An exact reproduction of the records is required, with all pictures omitted.

Dataset records:

__________

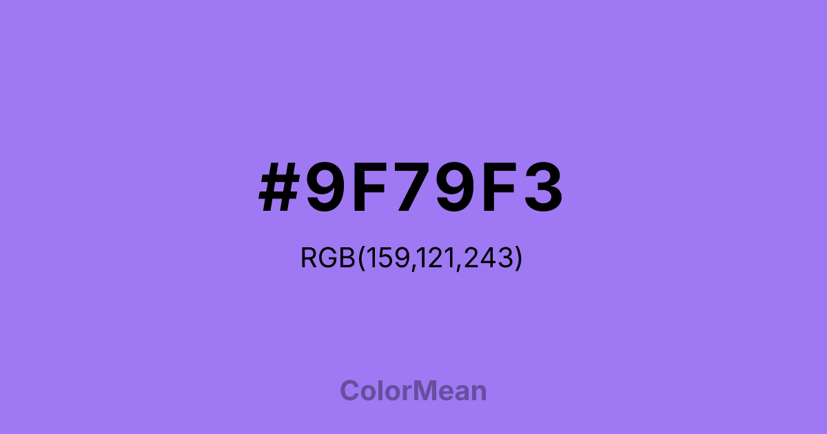 #9F79F3 RGB value is (159, 121, 243). The hex color red value is 159, green is 121, and blue is 243. Its HSL format shows a hue of 259°, saturation of 84 percent, and lightness of 71 percent. The CMYK process values are 35 percent, 50 percent, 0 percent, 5 percent.
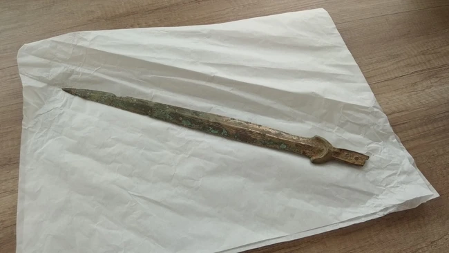 0O spadă din bronz, veche de aproape 4.000 de ani, a fost scoasă la lumină întâmplător, de către un muncitor care efectua săpături pe albia râului Buzău. Exponatul, extrem de valoros din punct de vedere istoric, a ajuns în posesia Muzeului Judeţean de Istorie Buzău iar pe viitor va fi arătata publicului larg, în cadrul unei expoziţii.
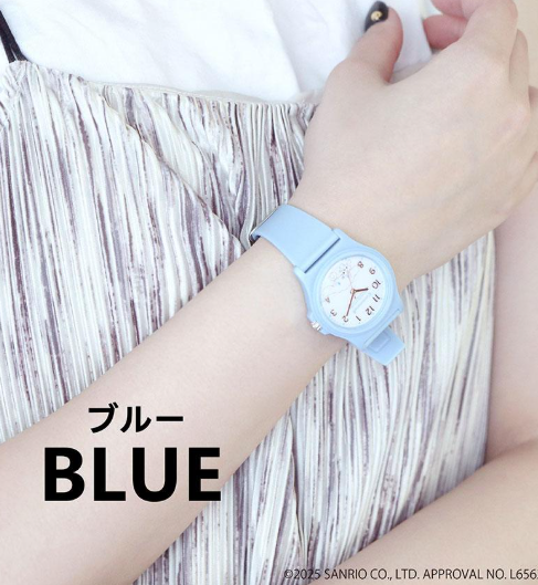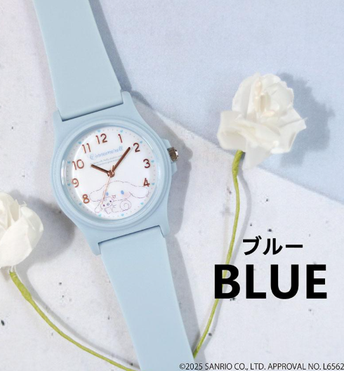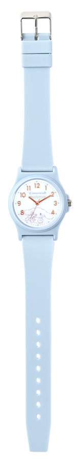 Cinnamorollがデザインされた、やさしいパステルカラーが魅力のファッションウォッチです。爽やかなブルーカラーのベルトと、文字盤に描かれたシナモロールのかわいいイラストが、腕元を明るくキュートに演出します。
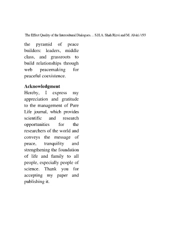 The Effect Quality of the Intercultural Dialogues… S.H.A. Shah Rizvi and M. Alviri / (93
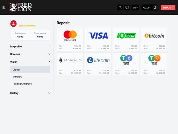 Avant de commencer, il est essentiel de savoir que le casino en ligne The Red Lion opère sans aucune licence, donc gardez cela à l'esprit avant de choisir de jouer ici.
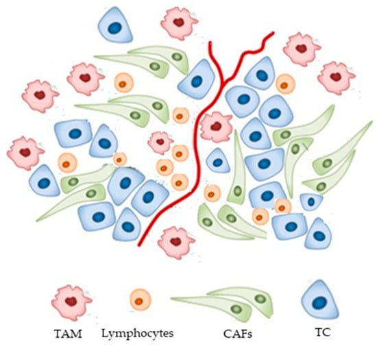 Schematic description of the TME. Abbreviations: tumor-associated macrophage (TAM), cancer-associated fibroblast (CAFs), tumor cells (TC).
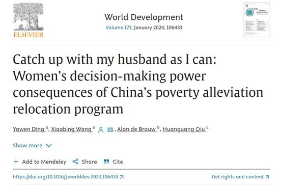 研究成果 | 王晓兵研究员团队在World Development上发文2023-10-25 -
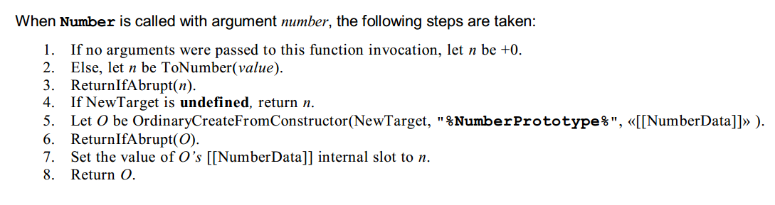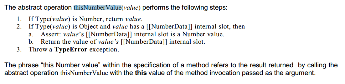 。大致我们可以认为这是一个内部值。同时在文档中可以查阅到诸如 Set the value of O’s [[NumberData]] internal slot to n 之类的话语,
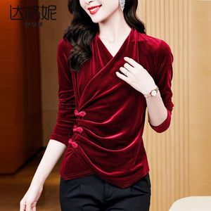 クロスvネックtシャツ女性長袖春装洋気新レトロ盤ボタン底付きシャツ黒ベルベット上着女性
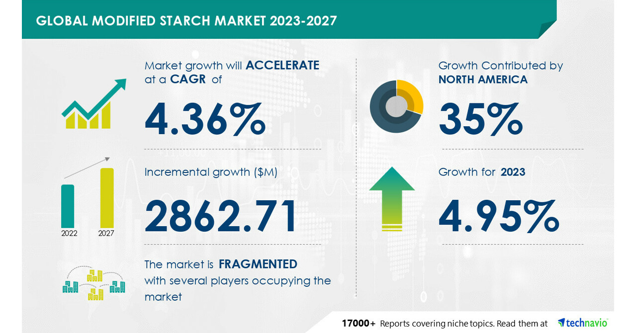 NEW YORK, Oct. 31, 2023 /PRNewswire/ — The global modified starch market size is estimated to increase by USD 2.86 billion from 2022 to 2027. The market’s growth momentum will decelerate at a CAGR of 4.36%. The report provides actionable insights and estimates the contribution of all regions to the growth of the global modified starch market. North America is estimated to account for 35% of the growth of the global market during the forecast period. The demand for modified starch in the region is expected to be moderate during the forecast period. The most commonly used modified starch in North America is glucose syrup. In addition, the demand for maltodextrin is growing significantly in the region. Moreover, native starch is available in abundance. North America is a leading producer of modified starch. In addition, the demand for corn starch is increasing owing to its cost-effectiveness. Such factors will fuel market growth in the regional market during the forecast period. Discover some insights on market size, historic period (2017 to 2021), and forecast period (2023-2027) before buying the full report – Request a sample report
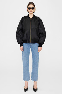 A traditional military-inspired bomber jacket made from a durable, slightly padded 100% polyester shell with a subtle sheen. Featuring traditional flight jacket details including tonal interior lining, two front flap pockets, a zipped sleeve pocket, and ribbed knit trim at the neck, cuffs, and waistband. Finished with a branded vegan-leather zipper pull down the center. The Leon Bomber is cut for a relaxed, oversized fit. For a true relaxed fit, take your true size. If a slightly smaller, more fitted silhouette is desired, we recommend taking one size down in this style. FIT + MEASUREMENTS The Leon Bomber is cut for a relaxed, oversized fit. For a true relaxed fit, take your true size. If a slightly smaller, more fitted silhouette is desired, we recommend taking one size down in this style. Model is wearing a size S. Model Measurements: Height: 5'10.5", Bust: 31", Waist: 24", Hips: 34" Product Measurements (Size S): Length: 24", Bust: 51", Sleeve Length from Center Back: 33.5" MATERIAL + CARE 100% Polyester Machine wash Made in China
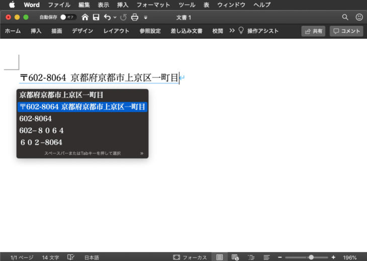 Mac標準の日本語入力ソースでは「〒000-0000東京都・・・」、「東京都・・・」、「000-0000」と番号付き住所、住所のみ、番号のみと変換候補が現れます。

__________

### EXERCISE RESPONSE
 #9F79F3 RGB value is (159, 121, 243). The hex color red value is 159, green is 121, and blue is 243. Its HSL format shows a hue of 259°, saturation of 84 percent, and lightness of 71 percent. The CMYK process values are 35 percent, 50 percent, 0 percent, 5 percent.
 0O spadă din bronz, veche de aproape 4.000 de ani, a fost scoasă la lumină întâmplător, de către un muncitor care efectua săpături pe albia râului Buzău. Exponatul, extrem de valoros din punct de vedere istoric, a ajuns în posesia Muzeului Judeţean de Istorie Buzău iar pe viitor va fi arătata publicului larg, în cadrul unei expoziţii.
 Cinnamorollがデザインされた、やさしいパステルカラーが魅力のファッションウォッチです。爽やかなブルーカラーのベルトと、文字盤に描かれたシナモロールのかわいいイラストが、腕元を明るくキュートに演出します。
 The Effect Quality of the Intercultural Dialogues… S.H.A. Shah Rizvi and M. Alviri / (93
 Avant de commencer, il est essentiel de savoir que le casino en ligne The Red Lion opère sans aucune licence, donc gardez cela à l'esprit avant de choisir de jouer ici.
 Schematic description of the TME. Abbreviations: tumor-associated macrophage (TAM), cancer-associated fibroblast (CAFs), tumor cells (TC).
 研究成果 | 王晓兵研究员团队在World Development上发文2023-10-25 -
 。大致我们可以认为这是一个内部值。同时在文档中可以查阅到诸如 Set the value of O’s [[NumberData]] internal slot to n 之类的话语,
 クロスvネックtシャツ女性長袖春装洋気新レトロ盤ボタン底付きシャツ黒ベルベット上着女性
 NEW YORK, Oct. 31, 2023 /PRNewswire/ — The global modified starch market size is estimated to increase by USD 2.86 billion from 2022 to 2027. The market’s growth momentum will decelerate at a CAGR of 4.36%. The report provides actionable insights and estimates the contribution of all regions to the growth of the global modified starch market. North America is estimated to account for 35% of the growth of the global market during the forecast period. The demand for modified starch in the region is expected to be moderate during the forecast period. The most commonly used modified starch in North America is glucose syrup. In addition, the demand for maltodextrin is growing significantly in the region. Moreover, native starch is available in abundance. North America is a leading producer of modified starch. In addition, the demand for corn starch is increasing owing to its cost-effectiveness. Such factors will fuel market growth in the regional market during the forecast period. Discover some insights on market size, historic period (2017 to 2021), and forecast period (2023-2027) before buying the full report – Request a sample report
 A traditional military-inspired bomber jacket made from a durable, slightly padded 100% polyester shell with a subtle sheen. Featuring traditional flight jacket details including tonal interior lining, two front flap pockets, a zipped sleeve pocket, and ribbed knit trim at the neck, cuffs, and waistband. Finished with a branded vegan-leather zipper pull down the center. The Leon Bomber is cut for a relaxed, oversized fit. For a true relaxed fit, take your true size. If a slightly smaller, more fitted silhouette is desired, we recommend taking one size down in this style. FIT + MEASUREMENTS The Leon Bomber is cut for a relaxed, oversized fit. For a true relaxed fit, take your true size. If a slightly smaller, more fitted silhouette is desired, we recommend taking one size down in this style. Model is wearing a size S. Model Measurements: Height: 5'10.5", Bust: 31", Waist: 24", Hips: 34" Product Measurements (Size S): Length: 24", Bust: 51", Sleeve Length from Center Back: 33.5" MATERIAL + CARE 100% Polyester Machine wash Made in China
 Mac標準の日本語入力ソースでは「〒000-0000東京都・・・」、「東京都・・・」、「000-0000」と番号付き住所、住所のみ、番号のみと変換候補が現れます。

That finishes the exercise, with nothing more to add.